- Born: May 10, 1928 Danzig, currently Gdansk, Poland
- Died: June 3, 2016 (aged 88) Minneapolis, Minnesota, U.S.
- Education: University of California, Los Angeles
- Scientific career
- Fields: High-Energy Physics, Theoretical Physics
- Doctoral advisor: Robert Finkelstein

= Stephen Gasiorowicz =

American physicist (1928–2016)

Stephen George Gasiorowicz (May 10, 1928 – June 3, 2016) was an American theoretical physicist.
He was born in Danzig in 1928 (Gdansk, Poland) and graduated from the University of California, Los Angeles in 1952.

From 1952 until 1960, Stephen was employed by Lawrence Berkeley National Laboratory at the University of California, Berkeley, as a research staff member.

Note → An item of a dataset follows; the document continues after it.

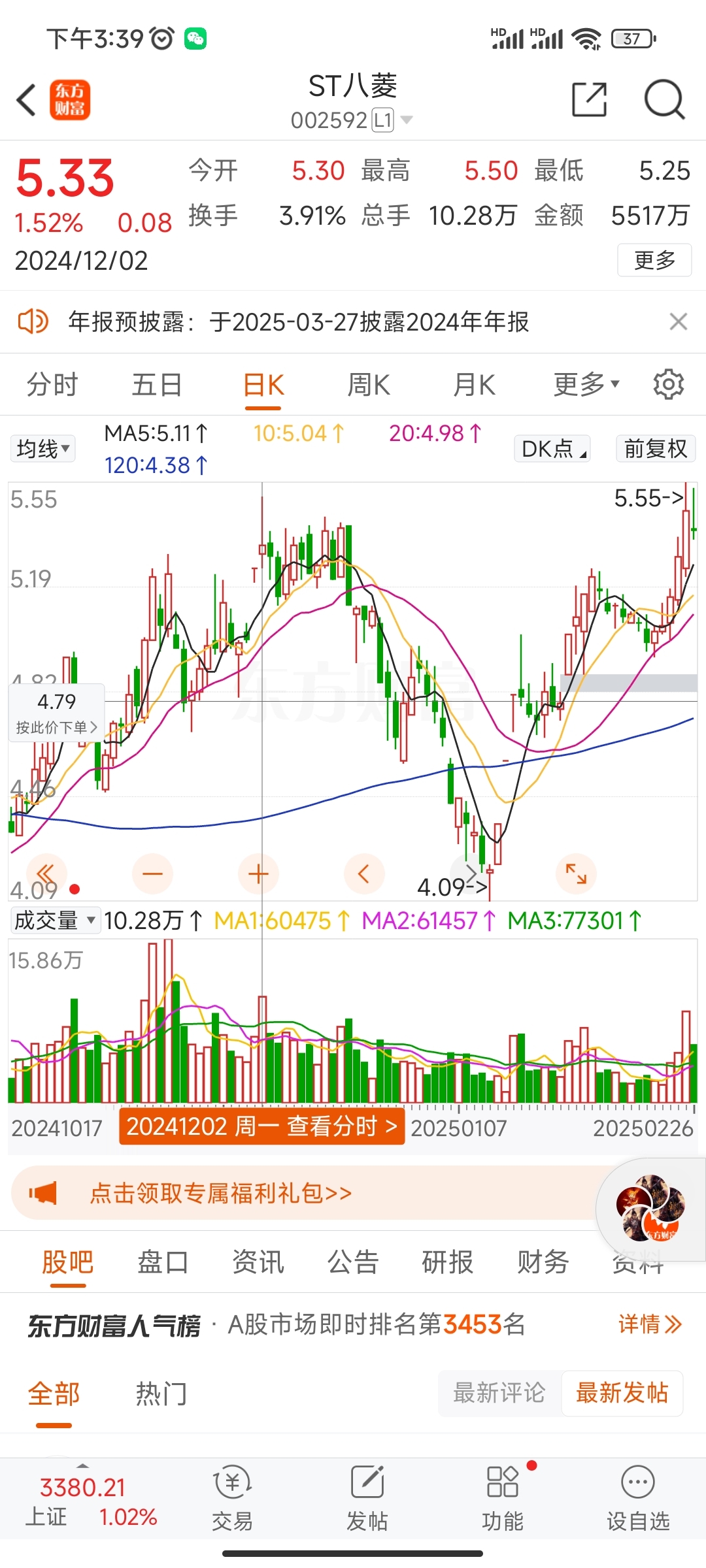 $ST八菱(SZ002592)$ 今天收射击之星最高5.55元跟去年12月的5.5元形成双顶了,接下来又要跌回5元了,顾老太不定增完80不会突破5.5元

In 1960 he received an offer of Associate Professorship from the Physics Department of the University of Minnesota, and in 1961 he moved to Minnesota where he stayed for the rest of his life. In 1963 he was promoted to full Professor. Gasiorowicz published over 100 papers on high-energy physics, and several well-known textbooks on the theory of elementary particles, quantum mechanics, and other subjects. Best known are Gasiorowicz’s contributions to quark models of hadrons, theory of glueballs, and QCD confinement. Gasiorowicz was one of the founding fathers of William I. Fine Theoretical Physics Institute. From 1979 to 1986 Gasiorowicz was Vice-President of the Aspen Center for Physics, Aspen, CO, and in 1987-89 the Acting Director of FTPI.

==Biography==

Stephen Gasiorowicz was born on May 10, 1928, into a Jewish family in Danzig (now Gdansk, Poland). Between 1920 and 1939 Danzig was a semi-autonomous city-state populated to a large extent by ethnic Germans. Stephen’s father was a merchant. With the rise to power of Hitler and Nazis in Germany in 1933 persecution of non-Germans in Danzig increased, and Gasiorowicz’s family had to move to Warsaw. On September 1, 1939, the Second World War began with the invasion of Poland by Germany. The Gasiorowiczes had to flee immediately; the only open route was to the East of Poland, to Lemberg (currently Lviv, Ukraine). A few dozen miles before Lviv the Gasiorowiczes were met by a detachment of the Soviet Army, which occupied the eastern part of Poland.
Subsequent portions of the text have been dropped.